Рано утром следующего дня, когда солнце уже довольно высоко поднялось над Яузскими воротами, освежая после ночного одноцветия разнообразно яркие краски державного города, как-то сами собой стихли последние бессильные стоны казнённых, брошенных умирать на холодке. Постепенно сошёл на нет также и плач оставленных в малом количестве пока живыми их родственников и домочадцев. Наконец, истошные в пьяном угаре крики и смех гуляк закономерно и всерьёз обратились в мирный, богатый всевозможными оттенками и тембровыми окрасками храп, равномерно покрывший собою московские улицы. Даже бродячие псы, насытившись и отяжелев от избытка свежего бесхозного мяса и крови, повалились на землю вперемежку с храпящими, жалобно скуля во сне от несварения.

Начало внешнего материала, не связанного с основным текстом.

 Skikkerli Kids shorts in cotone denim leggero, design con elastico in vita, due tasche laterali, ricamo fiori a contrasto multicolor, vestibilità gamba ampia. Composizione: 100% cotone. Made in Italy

Нежданно помилованные всю ночь восславляли Господа в долгих всенощных молитвах, но, почему-то, забыли возблагодарить Господаря и мучились теперь в своих постелях кошмарами, упрямо прерывающими и без того зыбкий, не приносящий отдыха телу и спокойствия душе сон. В самом центе столицы, посреди ярко освещённой факелами и свечами кремлёвской залы за большим дубовым столом, уставленным в беспорядочном хаосе грязной посудой, опрокинутыми стаканами и полуопорожнёнными штофами, а также густо усеянном объедками царского ужина, восседал вконец измученный, не ведающий покоя Царь и Великий князь всея Великия, Малыя и Белыя России Иоанн Васильевич Грозный.

Вокруг полусидели, полулежали, кто на столе, кто под столом, но кое-кто всё ещё за столом в дым пьяные приближённые бояре и опричники - цвет российской государственной элиты. Промеж государевых гостей, услаждая их глаз и не только глаз, неровно ходили, ползали, сидели, лежали такие же как и они пьяные голые бабы, большинство из которых вчера ещё были девками, когда их обречённые отцы стояли на площади в ожидании смерти. А подле, на широком свободном пространстве знакомый уже девичий хор, лихо отплясывая, тянул нестройными, хмельными голосами «Ой, ты, Пронюшка-Паранья, ты за что любишь Ивана…». И всё тот же высокий чистый голос, солируя, задавал тон, но уже без слёз, высохших в хмельном бесстыдстве от укоренившегося в душе полного безразличия не только ко всему происходящему, но и к своей собственной участи.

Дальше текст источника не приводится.